This Week In National Press Club History

March 4, 1997: Yasser Arafat, President of the Palestine National Authority, makes a second appearance at the National Press Club, this time at a morning Newsmaker. It is the first session to be carried live by the Club on the Internet, in addition to conventional broadcasting. Because it is a faster and more flexible venue, the Newsmaker program has attracted many front-page events over the years.

March 4, 2013: National Press Club President Angela Greiling Keane presents a plaque thanking the Washington Post for supplying historic newspaper mats and offset plates for the Club’s walls. The Post is the only newspaper that has both a mat and an offset plate of the same edition on the walls, reporting President Richard Nixon’s resignation.

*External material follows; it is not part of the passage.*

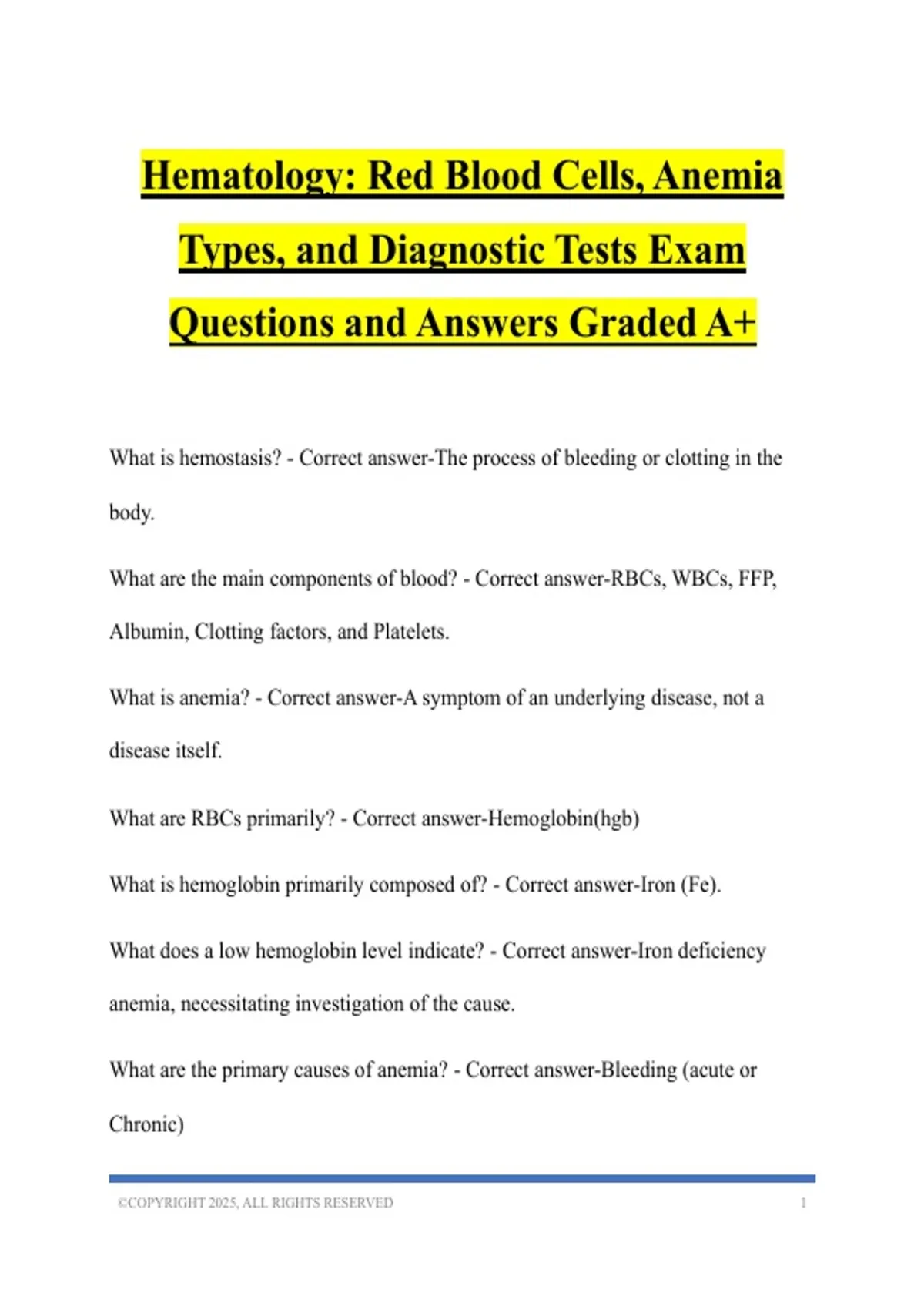 Hematology: Red Blood Cells, Anemia Types, and Diagnostic Tests Exam Questions and Answers Graded A+

March 7, 2001: Bernard Shaw, pioneer journalist and retiring news anchor for CNN, is interviewed on “The Kalb Report.” in the National Press Club’s Ballroom. “No journalist worth his or her salt wants to be taken by anybody…don’t take no for an answer,” he told Kalb. Now in its twentieth season, the Kalb Report, jointly produced by the NPC Journalism Institute, George Washington University, and other organizations, features discussions on the vital role of the press in our democracy and the transformation of journalism in the twenty-first century. Among the many distinguished journalists who have appeared on the program are recent Fourth Estate Award winners Jim Lehrer (2011), Bob Schieffer (2010), Christiane Amanpour (2008), and Tom Friedman (2009), who was featured in the program in February, 2014.

This Week In National Press Club History is presented by the History & Heritage Committee, which preserves and revitalizes the Club’s century-plus history with lobby displays, events, panel discussions and its oral history program.